*TASK REQUIREMENTS*
Your answer should consist solely of the lines from the one holding "Đối với kỳ hạn" through the final line of the entries, reproduced exactly and without pictures.

Top of DATA EXCERPTS

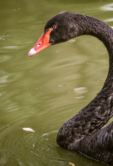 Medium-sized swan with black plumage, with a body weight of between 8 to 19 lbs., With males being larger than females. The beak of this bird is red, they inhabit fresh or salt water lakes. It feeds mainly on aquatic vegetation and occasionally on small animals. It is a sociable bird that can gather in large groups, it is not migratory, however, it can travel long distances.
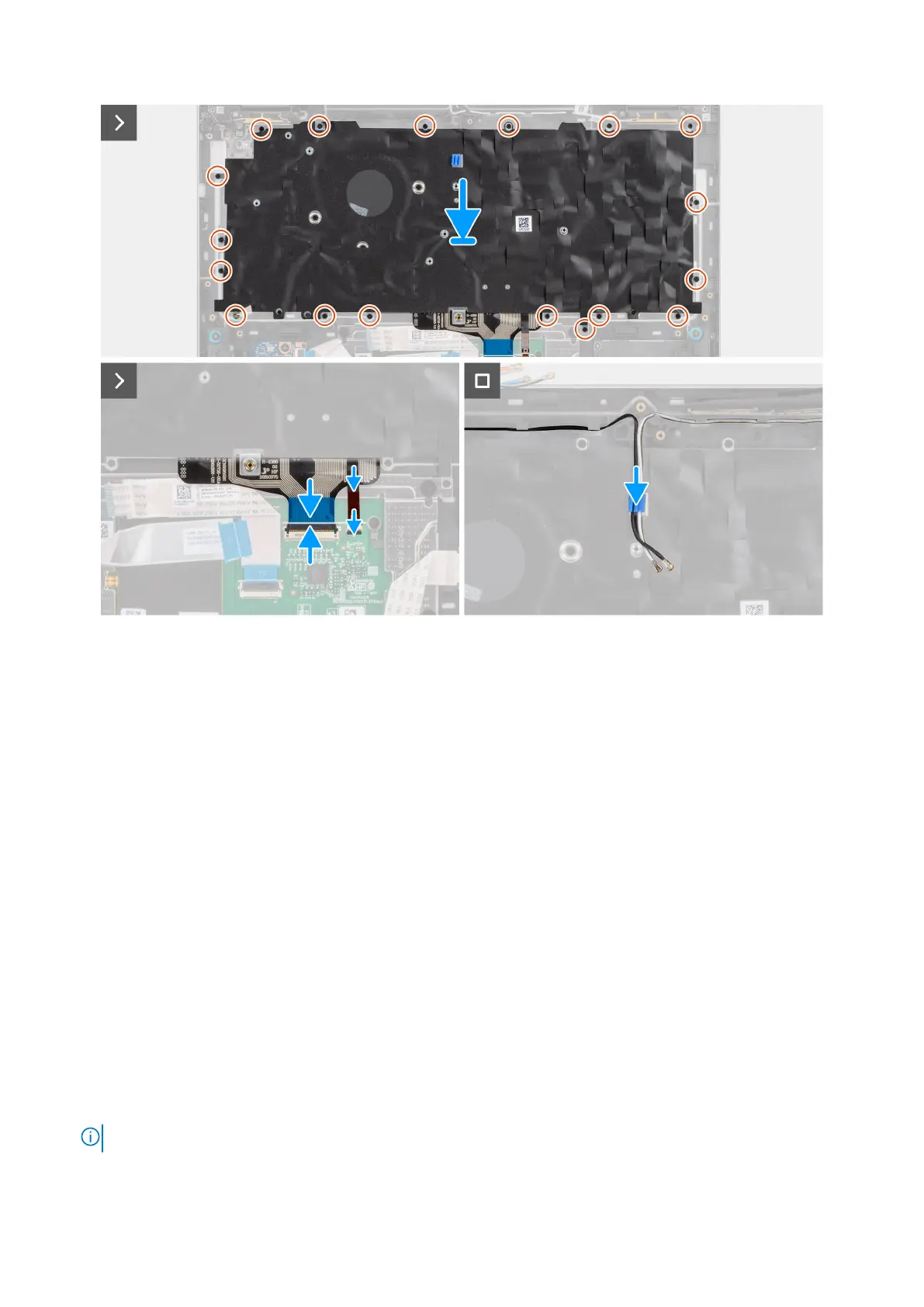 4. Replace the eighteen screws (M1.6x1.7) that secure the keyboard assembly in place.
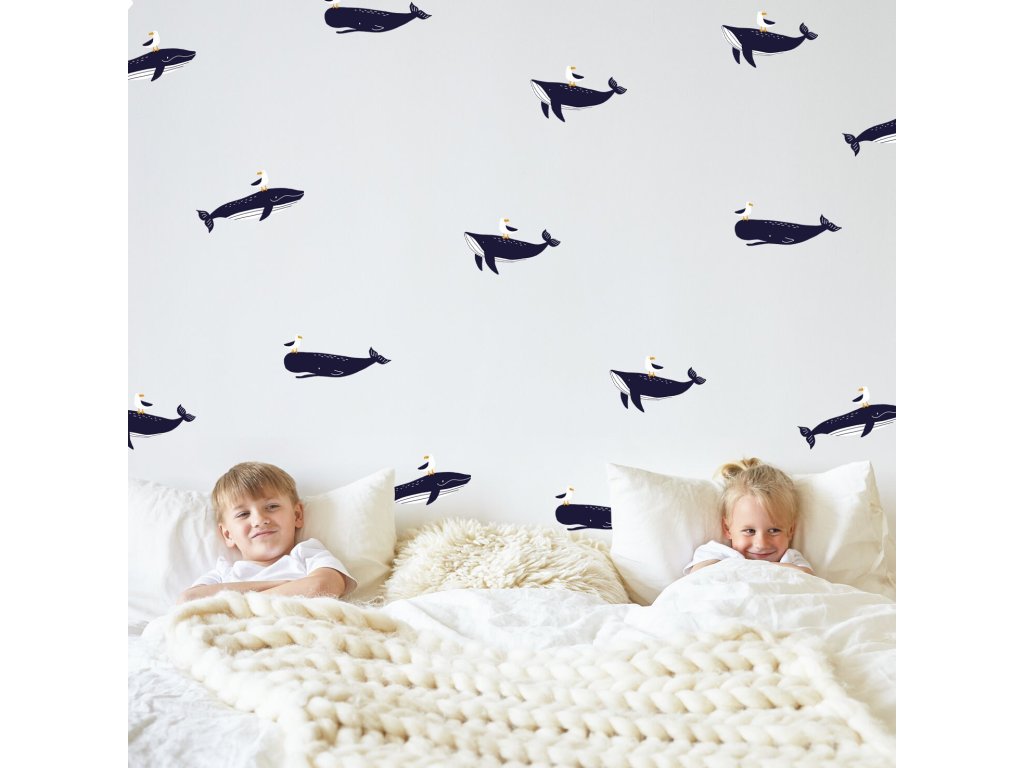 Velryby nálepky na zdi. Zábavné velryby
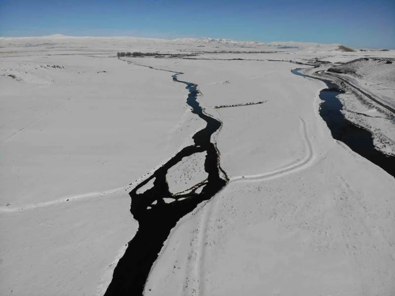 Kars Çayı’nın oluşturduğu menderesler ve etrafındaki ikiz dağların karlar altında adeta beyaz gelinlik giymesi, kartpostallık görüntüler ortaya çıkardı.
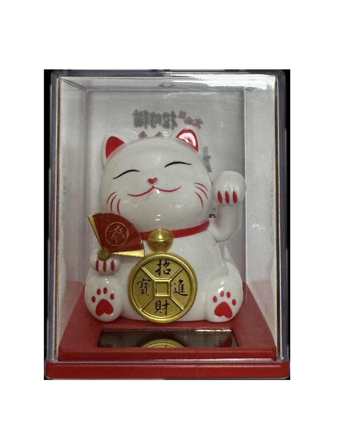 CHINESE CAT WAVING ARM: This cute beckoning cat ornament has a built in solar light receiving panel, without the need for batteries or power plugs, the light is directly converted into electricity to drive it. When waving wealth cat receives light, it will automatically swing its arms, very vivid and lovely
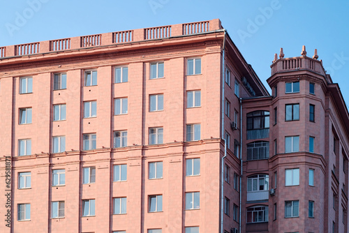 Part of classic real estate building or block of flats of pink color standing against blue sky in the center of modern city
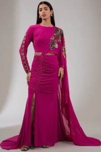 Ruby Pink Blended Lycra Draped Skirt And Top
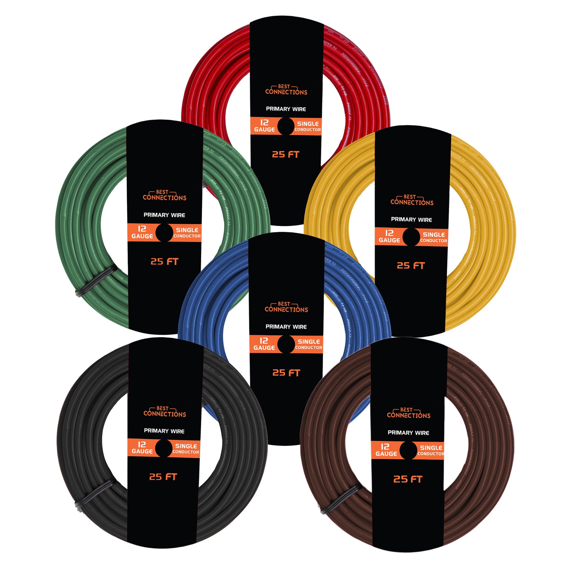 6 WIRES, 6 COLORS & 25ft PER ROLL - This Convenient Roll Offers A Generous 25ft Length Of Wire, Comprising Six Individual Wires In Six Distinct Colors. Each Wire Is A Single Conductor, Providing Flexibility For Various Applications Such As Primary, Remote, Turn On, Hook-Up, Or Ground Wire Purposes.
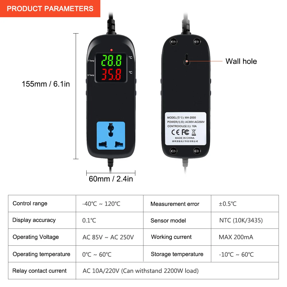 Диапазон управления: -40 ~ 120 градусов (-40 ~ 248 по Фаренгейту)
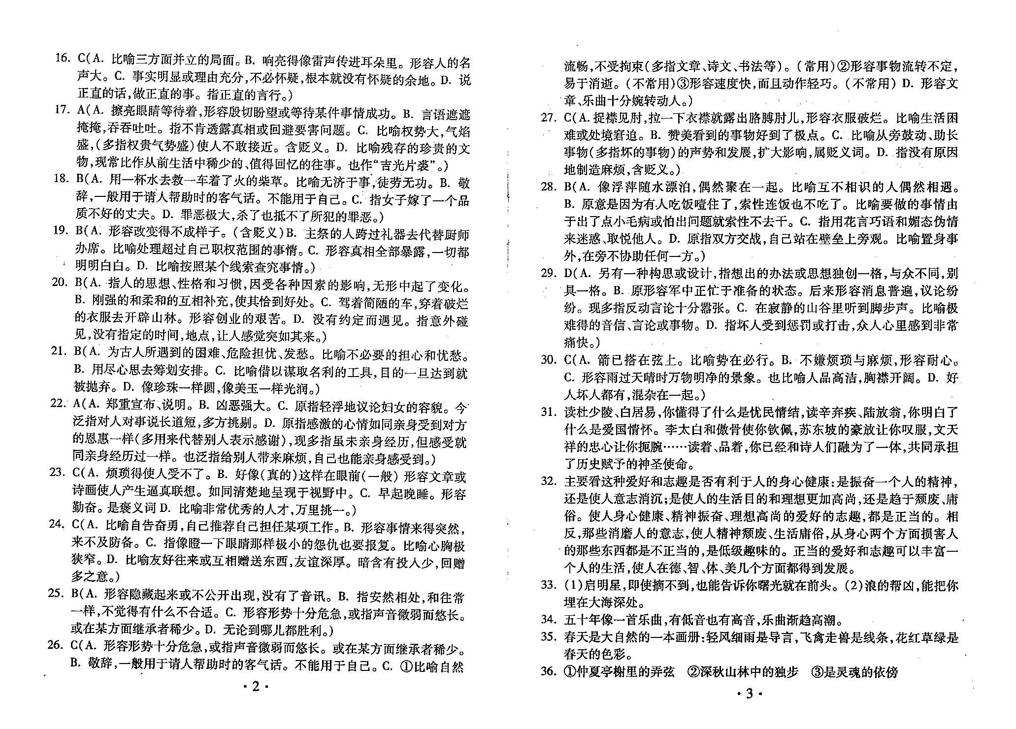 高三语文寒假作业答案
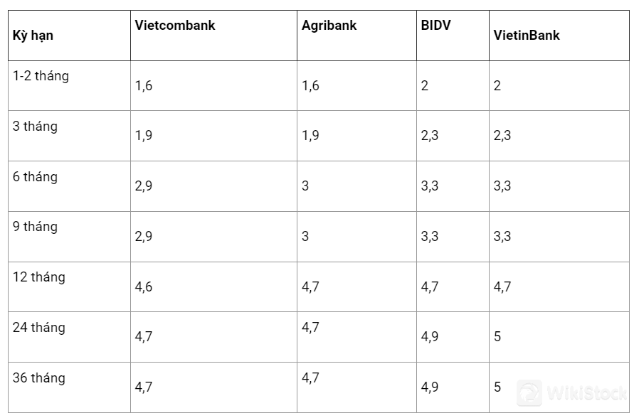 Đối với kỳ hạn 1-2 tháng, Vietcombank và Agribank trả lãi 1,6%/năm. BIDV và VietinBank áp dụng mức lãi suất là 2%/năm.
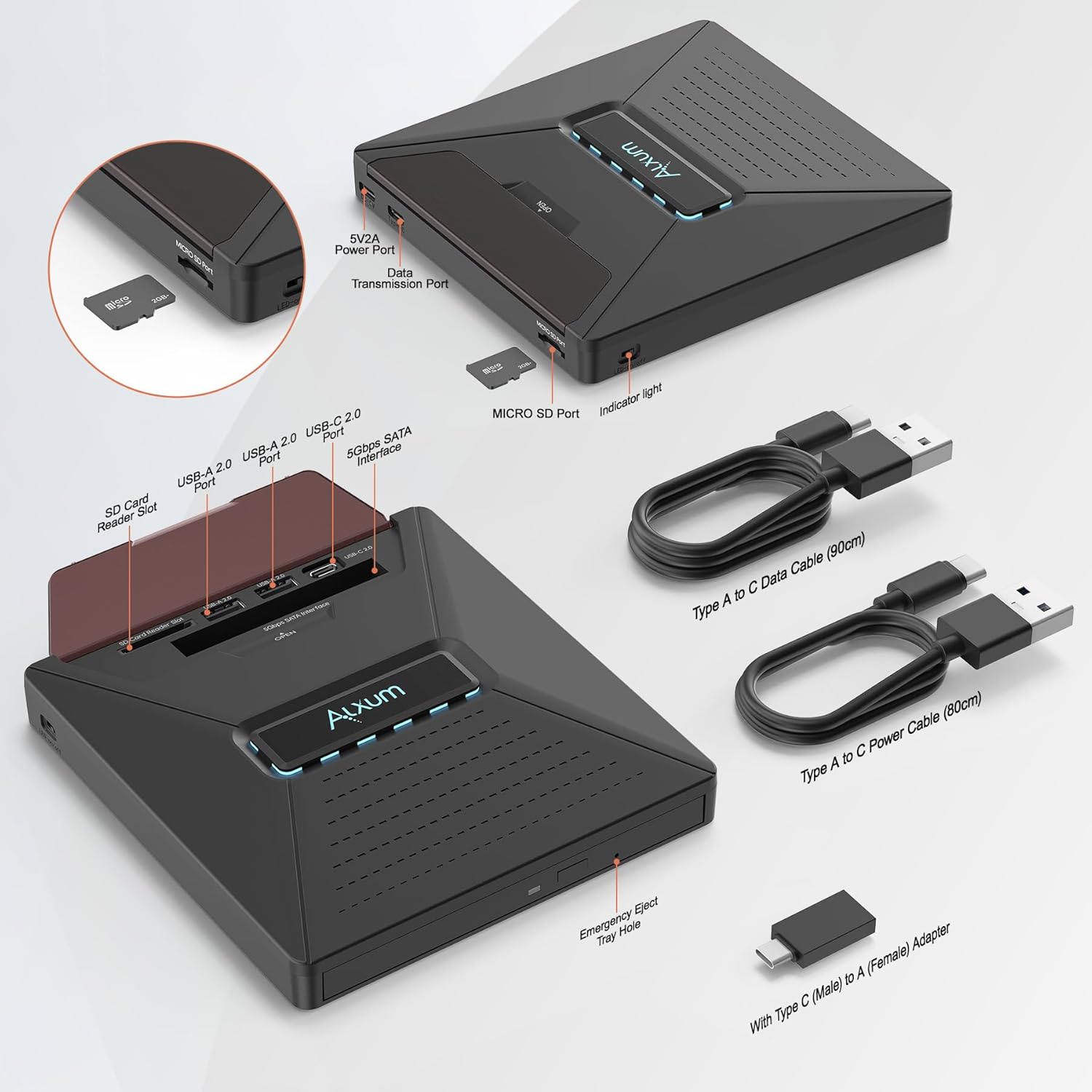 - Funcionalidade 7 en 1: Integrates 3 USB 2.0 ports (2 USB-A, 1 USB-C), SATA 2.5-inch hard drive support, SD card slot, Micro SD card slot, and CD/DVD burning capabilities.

Bottom of DATA EXCERPTS

*ANSWER AREA*
 Đối với kỳ hạn 1-2 tháng, Vietcombank và Agribank trả lãi 1,6%/năm. BIDV và VietinBank áp dụng mức lãi suất là 2%/năm.
 - Funcionalidade 7 en 1: Integrates 3 USB 2.0 ports (2 USB-A, 1 USB-C), SATA 2.5-inch hard drive support, SD card slot, Micro SD card slot, and CD/DVD burning capabilities.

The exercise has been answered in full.